Lorsqu’il veut bien délaisser ses puissantes réflexions sur la post-humanité, le pays du soleil levant est aussi capable de produire des animes de pur divertissement sur lesquels il serait regrettable de ne pas se pencher. C’est le cas notamment de la formidable série « Cowboy bebop ».

A l’opposé des animes touffus, complexes et philosophiques qu’on a pu voir et apprécier jusqu’à présent, Cowboy bebop est ce qu’on pourrait appeler une « série B », dans la lignée de Lupin III de Miyazaki, ou de City hunter (plus connue chez les Dorothée-maniaques sous le titre de Nicky Larson). A quelques exceptions près, chaque épisode est autonome et possède son intrigue propre, au cours de laquelle les deux chasseurs de primes plutôt miteux, Spike Spiegel et Jet Black, vont essayer de capturer un malfaiteur lambda et le plus souvent échouer lamentablement. Une trame qui pourrait faire passer Cowboy bebop pour une sorte de Mystères de l’Ouest dans l’espace. Or, contrairement à ce que pourrait laisser penser son titre, la série ne se limite pas à un banal western-space-opéra, mais part plutôt du principe -pertinent- que les mythologies américaines, déjà bien ancrées dans la culture internationale contemporaine, perdureront bien après que la colonisation de l’espace se sera achevée. Cowboy bebop assimile donc les genres du serial US, du western au thriller, pour les intégrer dans un univers de science-fiction typiquement japonais. Que ce soit à travers le remarquable habillage musical de Yohko Kanno (déjà responsable de la musique d’Escaflowne) aux accents jazzy, ou son formidable générique, très sixties-like, la série parvient à rassembler tous les clichés ou plutôt les idées reçues que peuvent se faire les Japonais sur la culture bis américaine tout en gardant son âme spécifiquement nippone.
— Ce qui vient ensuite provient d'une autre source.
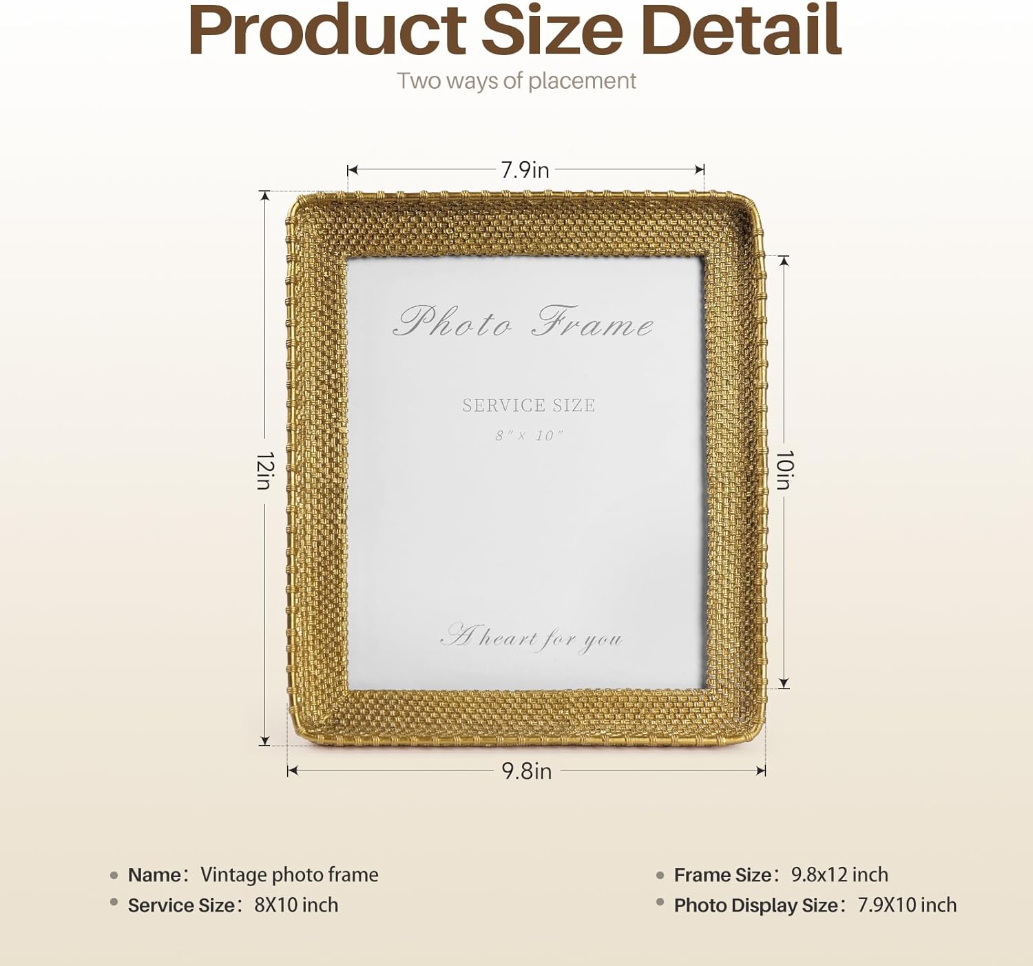 - Gold picture frames accommodate a 8x10 inch picture size, while the picture display size is 7.9x10 inch.
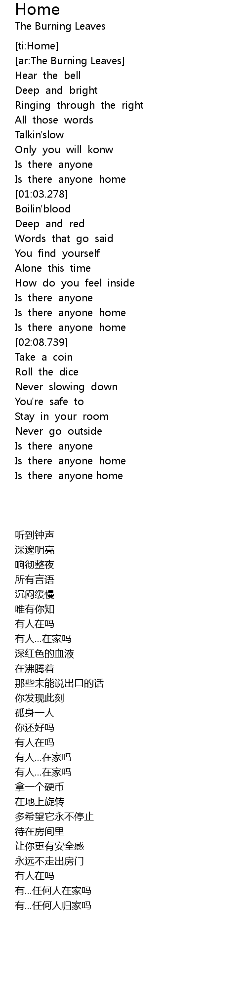 | [03:00.599] | Is there anyone home |
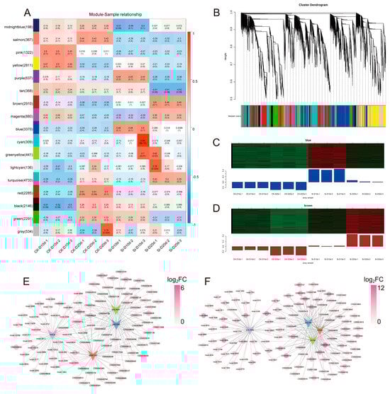 WGCNA was conducted on 25,738 genes based on gene expression patterns, generating 17 modules (Figure 5A,B). The blue and brown modules, which were strongly positively correlated with Si-D10d and Si-D20d, respectively, exhibited increased FPKM in S. indica-treated tea plants compared with the controls (Figure 5A–D). Therefore, these two modules were selected for further analysis.
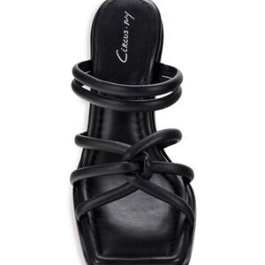 These chic sandals are highlighted with strappy upper and set on self-covered flared heels. Synthetic upper Open toe Slip-on Lining: Synthetic Padded insole Synthetic sole Self-covered flared heel, 3.75"
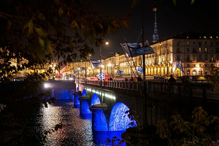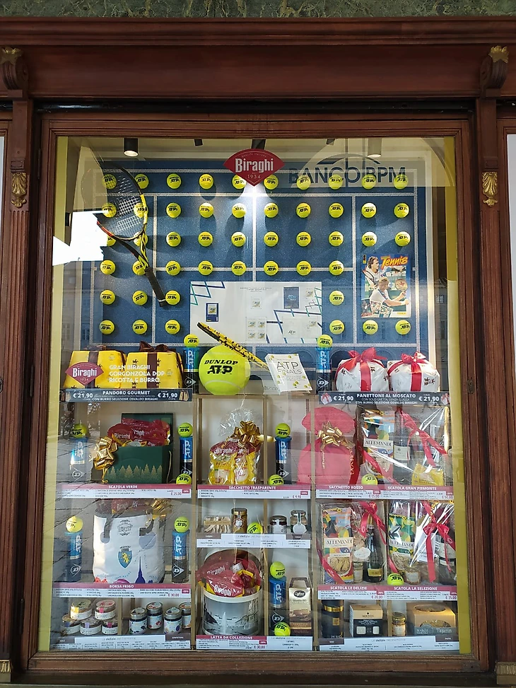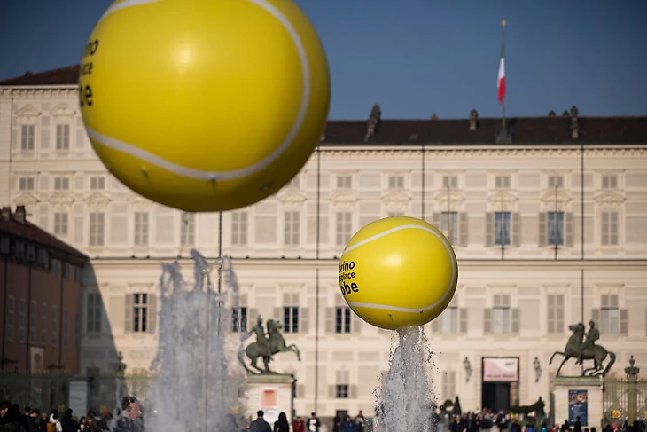 Площадь Кастелло, центральная в Турине, в этом году оформлена чуть более скудно: подвешенные теннисные мячи над фонтанами можно видеть во время телевизионных трансляций, а привычных ранее мини-столов для настольного тенниса и мини-кортов для всех желающих попробовать свои скиллы в теннисе – нет.

Mais si Cowboy bebop n’était que ça, on ne prendrait peut-être pas la peine d’en parler. Une série qui se contente de se reposer sur concept, aussi bon soit-il, finit forcément par tomber dans le systématisme. Les quatre premiers épisodes sont d’ailleurs un peu décevants. Beaucoup moins comique que ce qu’on aurait pu prévoir, et plutôt violente, la série prend ses aises pour installer les quatre premiers protagonistes : Spike et Jet, mais aussi Faye Valentine, une joueuse-arnaqueuse à la plastique affolante, prototype même de la garce incarnée, et Ein, un toutou à l’intelligence surdimensionnée. Rien de bien marquant jusque-là, mais comme tout bon anime qui se respecte, Cowboy bebop finit par pervertir ses propres fondations. A ce titre, c’est à partir du cinquième épisode, Ballad of fallen angels, que Cowboy bebop touche au sublime, en fouillant le passé de Spike, le héros jusque-là plutôt transparent de la série, ancien membre de la triade des Dragons Rouges, et en lui opposant une nemesis récurrente, un frère ennemi : le « bad guy dans toute sa splendeur » Vicious.
Le duel dans la cathédrale qui clôt cet épisode est par ailleurs un prodige de mise en scène. Quant à la chute de Spike à travers un vitrail, rythmé par une comptine enfantine et construite comme Les Choses de la vie de Sautet, elle restera sans aucun doute dans les annales.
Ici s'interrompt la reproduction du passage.